View of the Long Room of the Old Library.

Today’s post is the third in our planned series of guest blog posts written by students of English who have used the Beckett manuscripts collection. Our author today is Cianan Monaghan.

Although now into my third year in Trinity, I had never entered the Old Library gift shop, let alone the Old Library itself. I have been treating the Manuscripts Reading Room, the Book of Kells and the Old Library as I do museums more generally – for access during recreation. As I entered, on Tuesday 3 October 2017, I felt the pressure of expectation knowing I was gaining access to manuscripts that only a tiny percentage of the population would ever have access to, as well as the awareness that the majority could not care less. As an undergraduate arts student, I had not decided yet if I valued having this access beyond it being a unique experience.
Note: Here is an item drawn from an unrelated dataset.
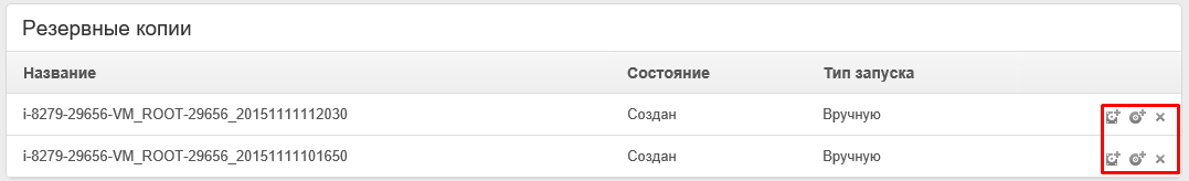 Кроме этого, здесь Вы можете осуществлять действия, связанные с резервным копированием дисков сервера: создать диск или шаблон на основе имеющихся резервных копий с выбранного диска.

At the introductory class, when manuscripts arrived and were placed on the desk in front of the class, there was a collective hesitation to approach. After Dr. Jane Maxwell explained the protocol regarding handling of the manuscripts, the class gathered around closer to the documents that, to my convenience, were place directly in front of me. After a while, I began to read Beckett’s notebook entitled Imagination Morte Imaginez (1960s, TCD MS 11223) or ‘Fancy Dead Dying’ (crossed out), relating to Beckett’s short prose work Imagination Dead Imagine. Each verso page was clearly for rough work, and observations, as it was mostly empty except some random sentences or graphs. The recto page held early drafts of the short prose work written in blue pen, and barely legible for a first-time reading. An easier to read red pen was used on a space above and/or below the blue writing. Each recto page had an X written across it further suggesting to me that these were early drafts of Imagination Dead Imagine.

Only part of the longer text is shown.